Work required: Provide an exact copy of the data, excluding the images.

Provided data: Begin

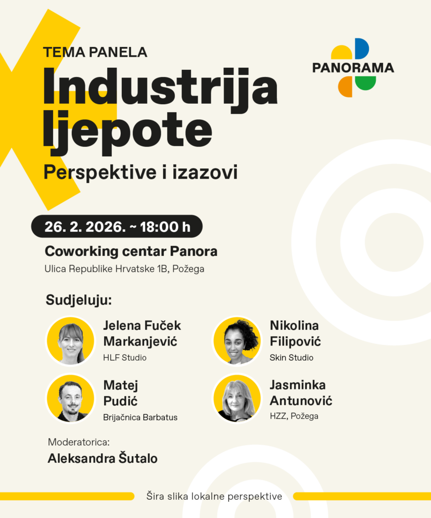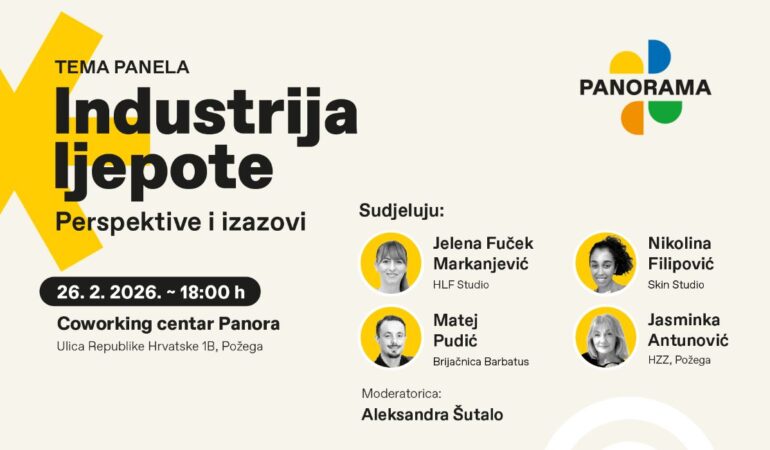Industrija ljepote u Požegi – perspektive i izazovi, tema je sljedeće Panorame koja se održava 26. veljače 2026. godine u 18 sati u Coworking centru Panora, a u panelu sudjeluju Jelena Fuček Markanjević (HLF Studio), Nikolina Filipović (Skin Studio), Matej Pudić (brijačnica Barbatus) i Jasminka Antunović (HZZ, Požega).
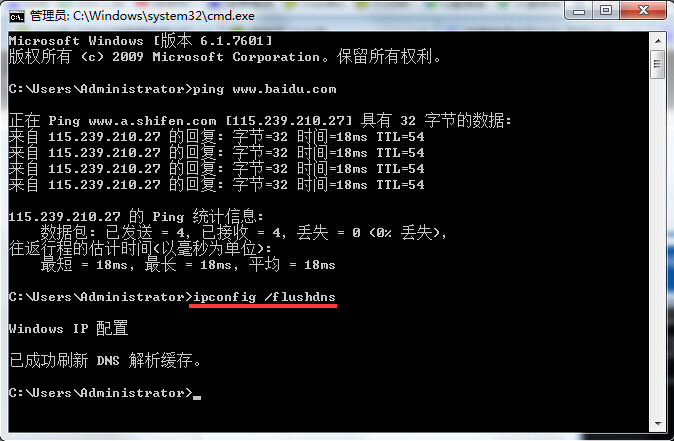 3.检测完网速之后,点击输入“ipconfig /flushdns”回车确认刷新DNS缓存。如下图所示
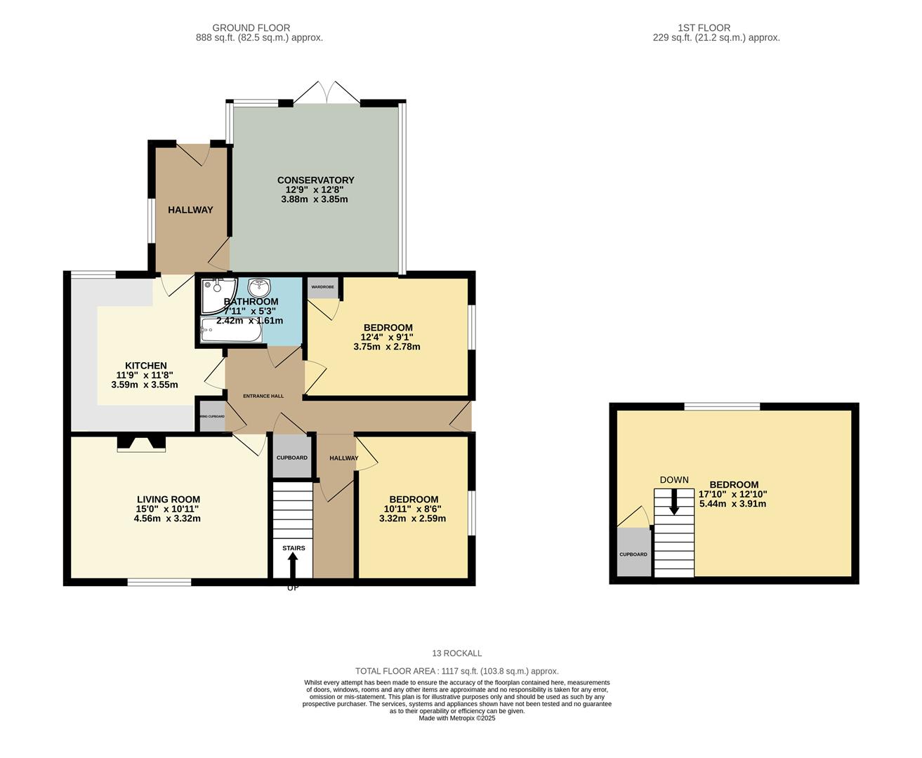 With doors leading to inner hallway, kitchen, living room, two bedrooms and bathroom. Built-in storage cupboard. Airing cupboard. Stairs leading to Bedroom 1.

Provided data: End

Problem solution:
Industrija ljepote u Požegi – perspektive i izazovi, tema je sljedeće Panorame koja se održava 26. veljače 2026. godine u 18 sati u Coworking centru Panora, a u panelu sudjeluju Jelena Fuček Markanjević (HLF Studio), Nikolina Filipović (Skin Studio), Matej Pudić (brijačnica Barbatus) i Jasminka Antunović (HZZ, Požega).
 3.检测完网速之后,点击输入“ipconfig /flushdns”回车确认刷新DNS缓存。如下图所示
 With doors leading to inner hallway, kitchen, living room, two bedrooms and bathroom. Built-in storage cupboard. Airing cupboard. Stairs leading to Bedroom 1.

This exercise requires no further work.